Peter nodded, his own jaw tightening. “I’ll make inquiries.” Without asking, he took the computer and he was off to work.

I was gawking. I was a stalker. I was a fan.

I was openly drooling over everything he was doing. Again. He was moving on his computer at a speed where I barely had time to identify what screen he was on before he was moving to the next. Then he was pulling up some dark web stuff, and I almost fainted right there.

Kash’s hand found my leg, and he anchored me to him.

I looked back and found him watching me, a small tug at his lip. Without thinking, I sagged against his side.

“Um…” Martha was talking.

I looked.

Everyone was watching us. Some were confused. Some were hostile (Chrissy, Sultry woman), and some were grinning. That was Matt and Marie. The gangly guy was perplexed. His bottom lip folded down and he was itching at his forehead, pushing his glasses up.

“As I was starting to say, I feel some of the fires can be extinguished by a joint interview with Matthew and Bailey.”

Peter paused on his typing, looking up. “Hmm?”

“What?” Matt barked.

“Yes.” This was the part she didn’t want to handle. Those shoulders squared back, and her whole demeanor of take-charge boss lady made more sense. She was going to push us to do something we didn’t want to do.

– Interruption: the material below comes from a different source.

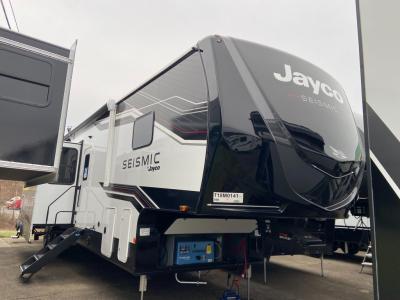 One look at the Seismic toy hauler fifth wheels by Jayco, and you'll never go back! Each model features a custom automotive-grade vinyl exterior graphics package, a painted fiberglass front cap with built-in LED lighting, and 102" wide-body structural steel I-beam construction. You'll find the pass-through storage with Slam-Latch baggage doors will make unpacking easier than ever, and the rear ramp door/patio with anti-slip, non-skid flooring will allow you to unload your toys with no trouble at all. These toy haulers feature a three-season garage wall/doors, a 30-gallon fuel tank with a timer, and exterior marine-grade speakers to keep the party going. The Climate Shield zero degree tested weather protection includes a 35,000 BTU furnace and a fully enclosed and heated underbelly for better protection against the elements. And we haven't even touched on the interior luxuries you'll find, like solid hardwood cabinet doors, residential vinyl flooring made in the USA, night roller shades, and more!

An interview? Me? With Matt?

Did she not know about the kidnapping attempt, or attempts, since Kash told me it had been the third?

I expected Peter to say something, but he only slid his eyes to Kash and gave a firm nod. This was Kash’s ballpark, and he wasted no time.

“No.”

“But—”

“No.” He was speaking clear and concise, but no heat. He was being kind to her, not barking like Matt. “There will be no interviews with Bailey. You will put out what you need to through lawsuits. Matthew can be interviewed, but there’ll be no mention of Bailey or his relation to her. You want help? Distract them. Give them something else to focus on other than Bailey, or myself.”

Her chin rose. “All due respect, we haven’t even gotten to the shit show of you.”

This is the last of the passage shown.